Честно говоря, меня не сильно удивило, что у них не было желания работать вместе с моим отцом – он, должно быть, угнетающе действовал на преступников, – но в то же время я как-то не представлял себе, что адвокат может перестать быть адвокатом.
– Придется мне снова искать работу. В другом месте. Придется затянуть потуже пояс, малыш.
Он пошел спать. Очевидно, его не интересовало, что я обо всем этом думаю.
Я спустился проведать мсье Ибрагима; тот улыбался, жуя арахис.
– Мсье Ибрагим, как вы умудряетесь быть счастливым?
– Я знаю то, что написано в моем Коране.
– Наверное, мне придется как-нибудь стянуть у вас этот ваш Коран. Даже если евреям и не положено так поступать.
– Момо, а что это означает для тебя – быть евреем?
– Уф-ф, понятия не имею. Для отца это значит ходить весь день подавленным. А для меня… это просто какая-то хрень, которая мешает мне быть другим.
Мсье Ибрагим протянул мне орешки:
– Момо, что-то мне не нравится твоя обувка. Завтра пойдем покупать тебе ботинки.
– Да, но…
– Человек проводит свою жизнь только в двух местах: либо в кровати, либо в ботинках.
– Да ведь у меня нет на это денег, мсье Ибрагим.
– Я куплю их для тебя, Момо. Это мой подарок. У тебя одна-единственная пара ног, нужно же о них заботиться. Если ботинки жмут, ты их меняешь. Потому что ноги не заменишь!

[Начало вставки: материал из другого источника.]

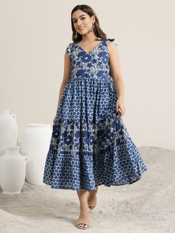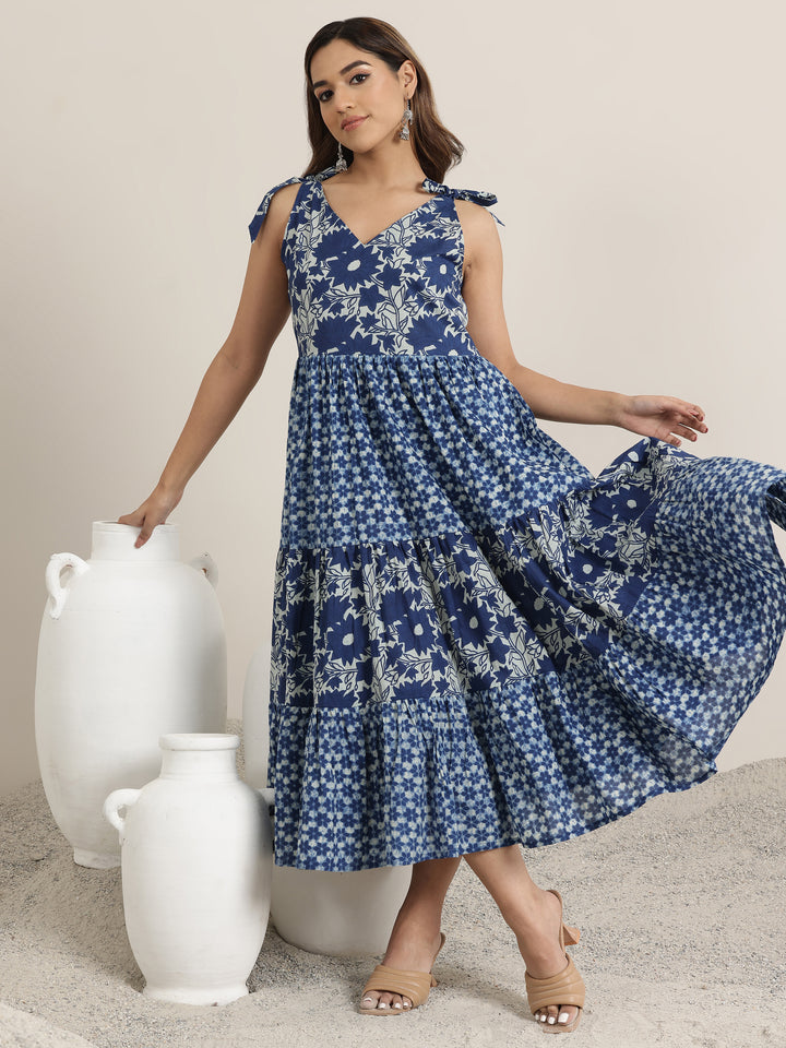 Our indigo printed cotton fit and flare one piece dress features a V-neckline with tie-up sleeves. Highlighted with captivating floral prints, this style is perfect for casual outings.
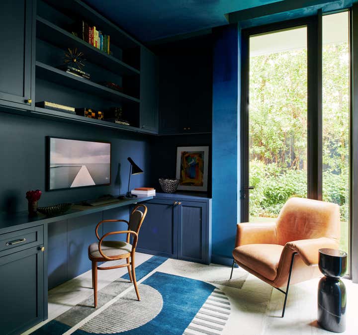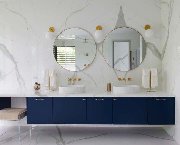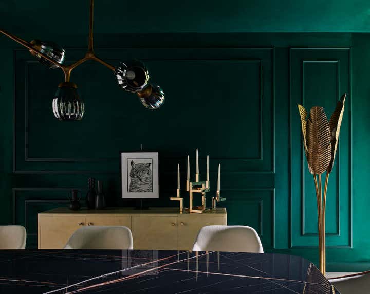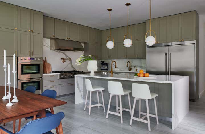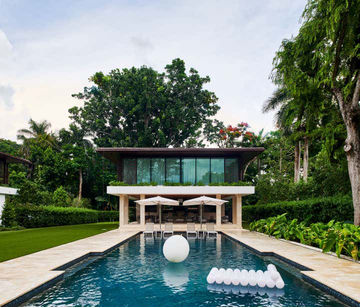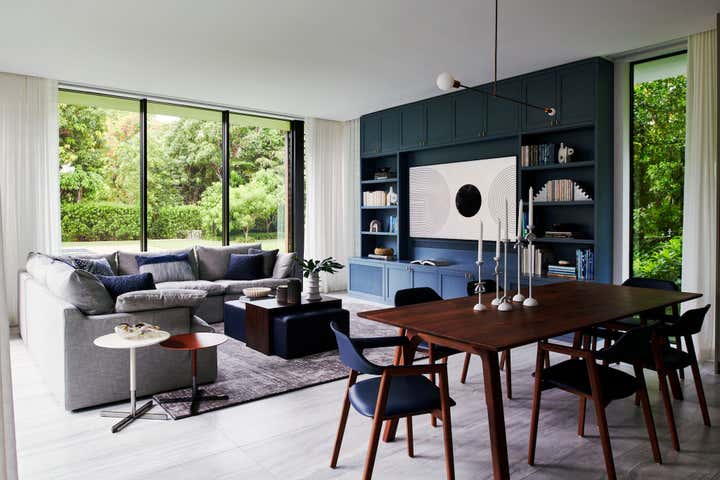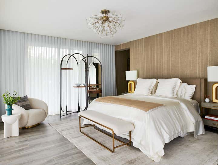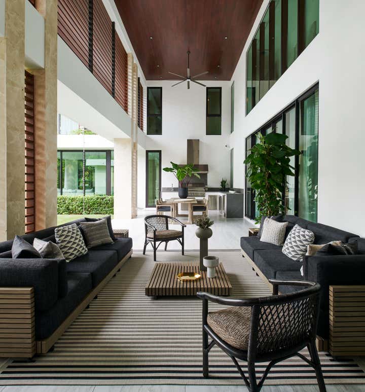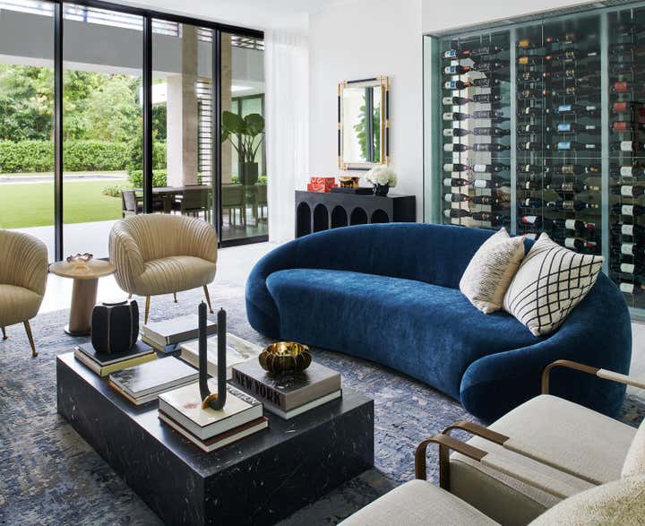 Designing a modern house for a young tech-savvy international couple with small Assure provided a full consulting package working with the architect, designing all the interiors including the kitchen, lighting, and sourcing. Modern interiors with warm elements come together in a fresh and welcoming way. Throughout the house, the Studio introduced an earthy palette with neutral hues, layering texture, and interest via tactile materials such as linen, boucle velvet and accent colors in greens and blues. These elements were conceived as part of a laidback and refined decorating scheme suitable for tropical living. The light-filled living room, originally conceived as an open space, was divided by a wine wall at the client’s request for a more formal dining area. The glass wine cellar creates a separate dining room while maintaining a feeling of openness. The wall holds 200 bottles in a temperature-controlled environment. The dining room seats eight to ten comfortably. Assure applied Malachite green suede to the ceiling, moldings, and walls to create an intimate and elegant environment for evening entertaining. The stripe wool silk rug from the Rug Company adds a graphic pop and armchairs from Poltrona Frau inject tactile color leather which stands out against the dark walls. The upstairs primary bedroom was designed as a large suite with a separate seating/ TV area behind the bed and a large spa-like primary bathroom. In the bedroom silk blend wallcovering creates a cocooning backdrop with the coziness enhanced by a silk rug and silk bedding from British brand Gingerlily. The dramatic Fendi mirrored screen creates privacy and functions as a dressing area. children who sought a serene interior which balanced home life, work, and entertaining.

На следующий день, вернувшись из лицея, на полу в полутемной прихожей я обнаружил записку. Не знаю почему, но при виде отцовского почерка сердце бешено заколотилось.
Моисей,
прости меня, я уезжаю. Хорошего отца из меня так и не вышло. Попо…
Тут слово было зачеркнуто. Несомненно, он собирался бросить мне еще одну фразу о Пополе. Типа «с Пополем мне бы это удалось, но не с тобой» или «в отличие от тебя, Пополь – тот давал мне силы и энергию выполнять отцовский долг», – короче, гадость, которую он постыдился написать. Ну, в общем, намерение я понял, и на том спасибо.
Возможно, мы еще свидимся когда-нибудь, когда ты повзрослеешь. Когда мне будет не так стыдно и ты меня простишь.
Прощай.
Ну да, прощай!
P. S. На столе все деньги, что у меня остались. Вот список людей, которых следует известить о моем отъезде. Они о тебе позаботятся.
Следовал список из четырех совершенно незнакомых мне имен.